This example shows how to overlay data and graphics in different projections, demonstrating various features of Iris, Cartopy and matplotlib.

We wish to overlay two datasets, defined on different rotated-pole grids. To display both together, we make a pseudocoloured plot of the first, overlaid with contour lines from the second. We also add some lines and text annotations drawn in various projections.

We plot these over a specified region, in two different map projections.

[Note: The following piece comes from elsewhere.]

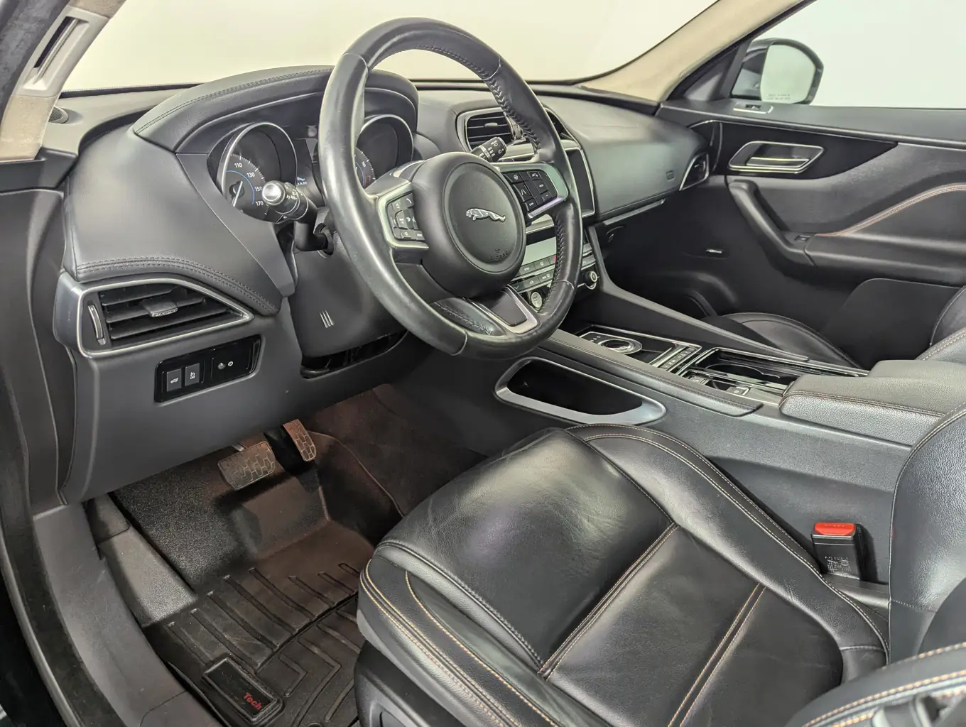 On the road, the F-PACE offers a secure and engaging drive with its AWD system, 19-inch Split-Spoke alloy wheels, and Xenon HID Headlights with signature cleaning. A full suite of safety technology provides peace of mind, including a Backup Camera, Collision Avoidance System, Lane Departure Warning, and Front and Rear Parking Aids.

  • A pseudocolour plot on the Equidistant Cylindrical projection, with overlaid contours.
  • A pseudocolour plot on the North Polar Stereographic projection, with overlaid contours.
import cartopy.crs as ccrs
import matplotlib.pyplot as plt
import numpy as np

import iris
import iris.plot as iplt

# Define a Cartopy 'ordinary' lat-lon coordinate reference system.
crs_latlon = ccrs.PlateCarree()


def make_plot(projection_name, projection_crs):

    # Create a matplotlib Figure.
    plt.figure()

    # Add a matplotlib Axes, specifying the required display projection.
    # NOTE: specifying 'projection' (a "cartopy.crs.Projection") makes the
    # resulting Axes a "cartopy.mpl.geoaxes.GeoAxes", which supports plotting
    # in different coordinate systems.
    ax = plt.axes(projection=projection_crs)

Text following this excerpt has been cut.